Tip — for production use, download locally first. Streaming from the Hub works for exploration, but heavy random access to video segments and any kind of indexed search are dramatically faster against a local copy. The full dataset is >50 GB, so ensure you have sufficient disk space:
hf download lance-format/lerobot-xvla-soft-fold --repo-type dataset --local-dir ./lerobot-xvla-soft-fold
Then point Lance or LanceDB at ./lerobot-xvla-soft-fold/data. For most workflows, the Materialize-a-subset section at the end of this card is a better starting point than downloading the full corpus.

Search

This dataset does not ship a vector index out of the box — observation states are low-dimensional and most robotics workflows look up by index rather than by similarity. The bundled identifier columns (episode_index, task_index, frame_index) make exact lookups a single filtered scan. The example below pulls the first few frames of episode 30 from the frames table.

import lancedb

db = lancedb.connect("hf://datasets/lance-format/lerobot-xvla-soft-fold/data")
frames = db.open_table("frames")

slice_ = (
    frames.search()
    .where("episode_index = 30 AND frame_index < 10", prefilter=True)
    .select(["episode_index", "frame_index", "timestamp", "action", "observation_state"])
    .limit(10)
    .to_list()
)
for r in slice_:
    print(r["frame_index"], r["timestamp"], r["action"])

For similarity-style search across states or actions, attach an embedding column via Evolve and build an IVF_PQ index on it. For visual similarity over rendered frames, the pre-extracted-frames pattern in Train below produces a table that can carry a learned image embedding alongside the pixels.

Curate

A typical curation pass for a robotics workflow starts with an episode-level filter — pick episodes with a particular task, length, or initial condition — and then either iterates frames or pulls the matching video segments.

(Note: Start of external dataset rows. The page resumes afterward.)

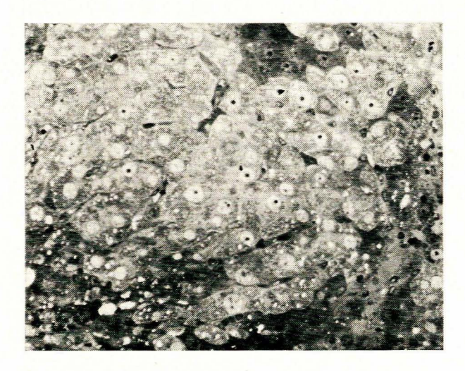
Fig. 2. Early hyperplastic focus. Epon-embedded section (toluidine blue \times 300).
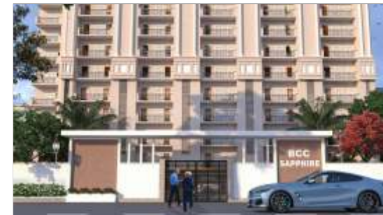
BCC SAPPHIRE 2 & 3 BHK APARTMENTS Arjun Ganj, Sultanpur Road
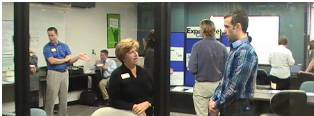
COOL and CeTEAL staff discuss teaching techniques and technologies with faculty at CeTEAL's Teaching & Technology
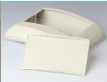
Clip-in Display Panel
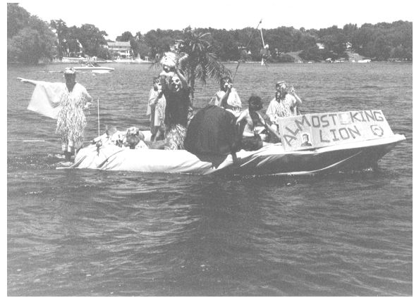
Honorable Mention – “Lion King”
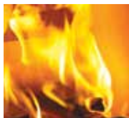
Expansive flame visuals
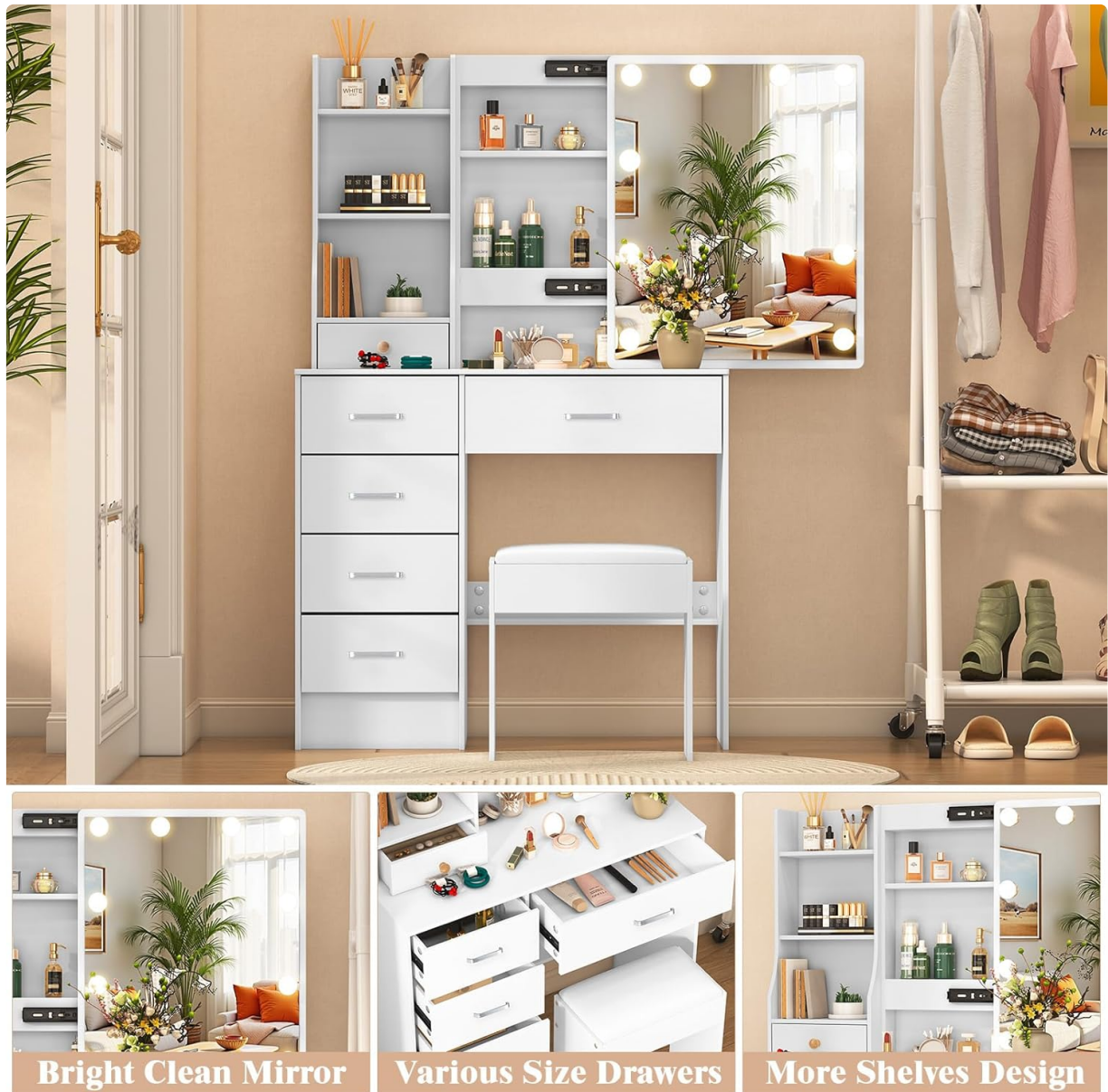
Image 5.2: Vanity desk showcasing open mirror and drawers for smart storage.

Utilize the 6 spacious drawers and 6 open shelves to organize your cosmetics, skincare products, jewelry, and other items. The drawers are equipped with smooth-gliding mechanisms for easy access.

Stacking predicates inside a single filtered scan keeps the result small and explicit, and the bounded .limit(...) makes it cheap to inspect.

import lancedb

db = lancedb.connect("hf://datasets/lance-format/lerobot-xvla-soft-fold/data")
episodes = db.open_table("episodes")

ep_rows = (
    episodes.search()
    .where("task_index = 0 AND fps = 20", prefilter=True)
    .select([
        "episode_index",
        "observation_images_cam_high_from_timestamp",
        "observation_images_cam_high_to_timestamp",
    ])
    .limit(20)
    .with_row_id(True)
    .to_list()
)
print(f"{len(ep_rows)} episodes selected")
for r in ep_rows[:3]:
    print(
        f"  ep {r['episode_index']}  "
        f"{r['observation_images_cam_high_from_timestamp']:.2f}s → "
        f"{r['observation_images_cam_high_to_timestamp']:.2f}s"
    )

Neither this scan nor any of the per-camera segment columns are read. The MP4 segments live in the blob-encoded _video_blob columns and stay on disk until something explicitly asks for them — which makes “find me the right episodes” a metadata-only operation against a multi-million-frame corpus.

Evolve

Lance stores each column independently, so a new column can be appended without rewriting the existing data. The lightest form is a SQL expression: derive the new column from columns that already exist, and Lance computes it once and persists it. The example below adds an episode_duration column to the episodes table from the existing cam_high timestamp bounds.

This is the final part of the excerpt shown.